**What the task requires**
Could you print exactly the lines of the listing below, starting at the line that has "コルジリネオーストラリスのシ" and ending at the line that has "OBSERVAÇÃO – 03/02", and only those lines?

___ Task inputs

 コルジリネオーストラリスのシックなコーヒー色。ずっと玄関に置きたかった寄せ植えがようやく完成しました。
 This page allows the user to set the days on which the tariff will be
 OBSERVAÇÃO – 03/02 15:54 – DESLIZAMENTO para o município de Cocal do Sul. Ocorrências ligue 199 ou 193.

______
___ Task inputs

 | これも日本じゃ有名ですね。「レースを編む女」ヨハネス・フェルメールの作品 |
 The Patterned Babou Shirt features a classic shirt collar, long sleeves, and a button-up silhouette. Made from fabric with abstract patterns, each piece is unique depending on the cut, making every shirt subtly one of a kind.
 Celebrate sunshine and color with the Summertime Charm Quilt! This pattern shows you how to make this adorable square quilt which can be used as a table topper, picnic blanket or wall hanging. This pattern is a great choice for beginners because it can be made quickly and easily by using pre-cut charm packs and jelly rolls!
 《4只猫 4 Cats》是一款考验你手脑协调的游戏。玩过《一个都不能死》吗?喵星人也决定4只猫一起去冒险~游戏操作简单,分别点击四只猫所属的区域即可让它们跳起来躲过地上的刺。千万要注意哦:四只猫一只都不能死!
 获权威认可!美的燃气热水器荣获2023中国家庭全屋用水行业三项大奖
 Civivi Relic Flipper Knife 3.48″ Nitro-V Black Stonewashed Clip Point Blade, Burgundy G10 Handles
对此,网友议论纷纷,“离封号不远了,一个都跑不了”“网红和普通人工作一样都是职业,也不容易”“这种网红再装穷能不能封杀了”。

______
___ Task inputs

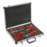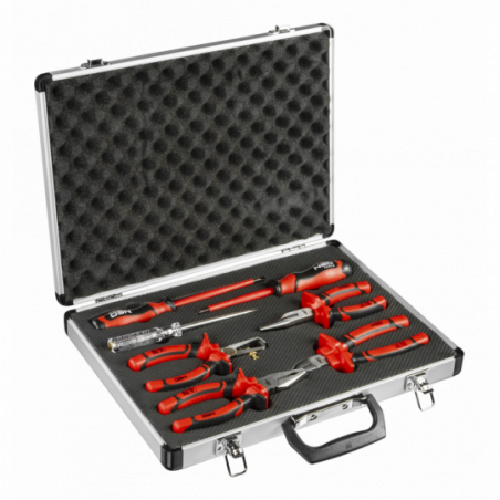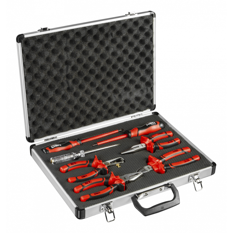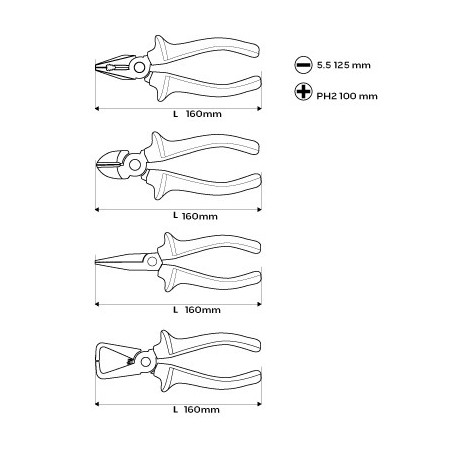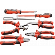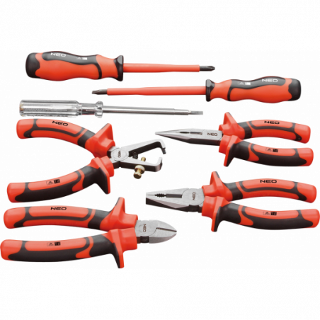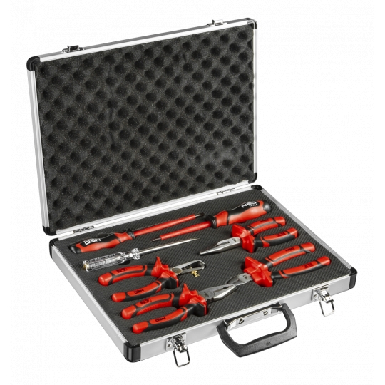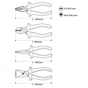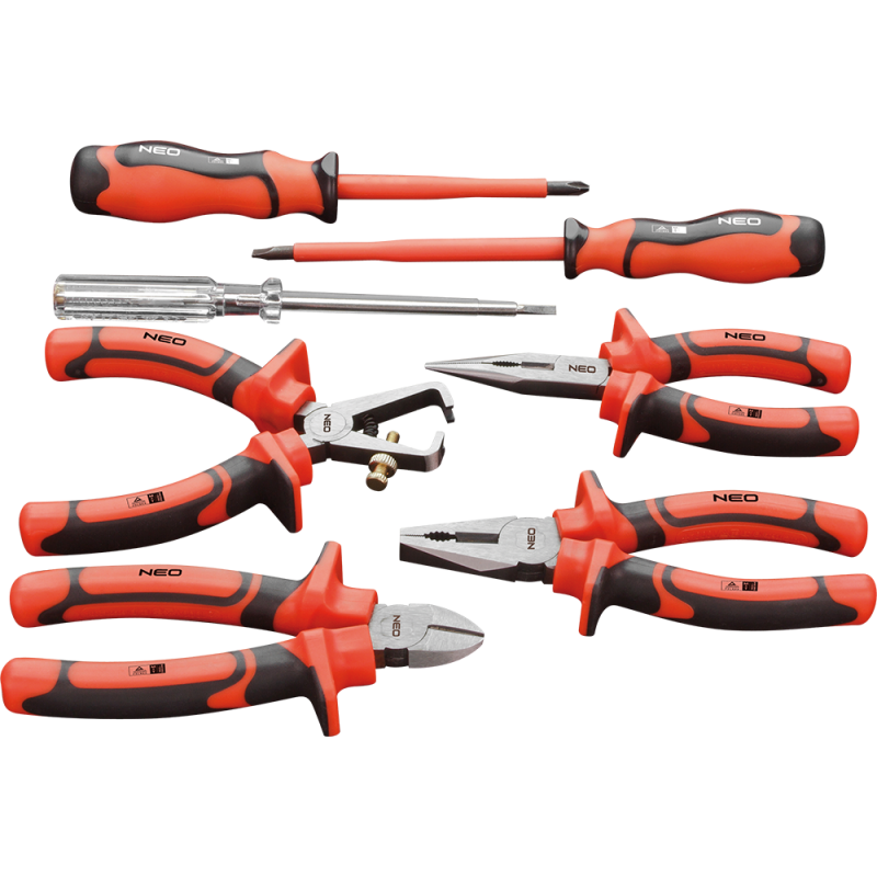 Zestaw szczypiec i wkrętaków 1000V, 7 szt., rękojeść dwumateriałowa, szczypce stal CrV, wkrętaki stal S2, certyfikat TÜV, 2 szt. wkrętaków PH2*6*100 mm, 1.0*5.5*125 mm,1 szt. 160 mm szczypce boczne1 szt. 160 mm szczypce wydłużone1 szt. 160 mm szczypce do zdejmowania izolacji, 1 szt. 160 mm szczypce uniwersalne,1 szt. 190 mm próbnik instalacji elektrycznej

______

**Exercise solution**
 コルジリネオーストラリスのシックなコーヒー色。ずっと玄関に置きたかった寄せ植えがようやく完成しました。
 This page allows the user to set the days on which the tariff will be
 OBSERVAÇÃO – 03/02 15:54 – DESLIZAMENTO para o município de Cocal do Sul. Ocorrências ligue 199 ou 193.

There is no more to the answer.